# SSR check in report



## elaine (Aug 15, 2016)

We checked in this weekend. still $95 fee (confirmed prior to 8/1). Requested Congress Park and close to main bldg. Got CP closest to main bldg. Great location, quiet, and, the walk over to Disney Springs is so close.  The only "bad location" IMHO is Carousel--noisy (road behind, buses in front) and far from everything. Not a huge fan of the décor, but unit is in good shape. SSR is at the lower end of my fav DVC, but it's just fine. We have gone to pool movies each evening. For those who can only get SSR via RCI, I would be very happy staying here again.


----------



## elaine (Aug 19, 2016)

Been here a week. Perfect stay. My prior main dislike about SSR was the high density and lack of shade/available chairs at the main pool. This is not the case anymore. The Paddock pool has done a good job of relieving the crowd at the main pool. Paddock has a kids water play/splash bucket, slide (which would be great for kids 3-10), plus a twister slide (exactly like the DVC HHI slide) in the pool. There is a life guard, snack bar, and drink station. It's "busy" enough to have a fun, people-watching feel to it, but not so busy as to be too crowded. Also, although spread out, it's easy to walk anywhere in under 7 minutes. SSR is a great resort for a morning jog or power walking--much better than AKV or OKW, as there are dedicated sidewalks around very nice grounds. I have enjoyed the resort very much. My teens (who have an annual pass to WDW) have used it to sleep, eat, and shower!
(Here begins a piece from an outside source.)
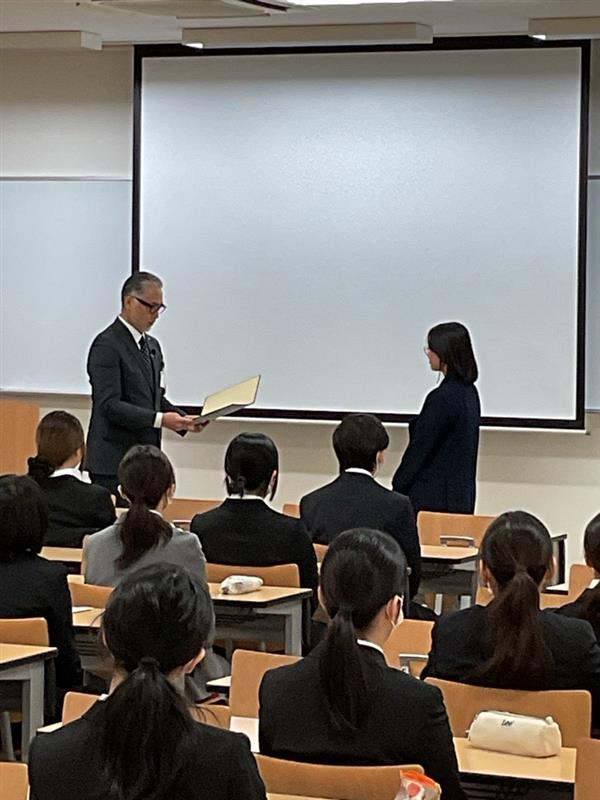 受賞者に名古屋文理大学短期大学部 滝川嘉彦理事長より賞状と金一封が贈呈されました。

Poor DH could not take time off spend the week in the heat wave in DC.


----------



## rickandcindy23 (Aug 19, 2016)

My grandchildren love the paddock pool, and so I always want paddock, when we stay with the kids and grandkids, which is so incredibly rare.


----------



## Shelbyd95 (Aug 23, 2016)

We requested close to walkway to DTD and upper floor.  Extremely happy with the location we got...we were in Congress Park, on the 3rd floor and overlooked the pool.  The trees in front of our balcony gave us a sense of privacy.  We could also see the hot air balloon from our unit...I would definitely stay there again if I could get a 2 bedroom but probably not in a 1 bedroom again...Just use to the kids having their own room when we stay at Bonnet Creek.


----------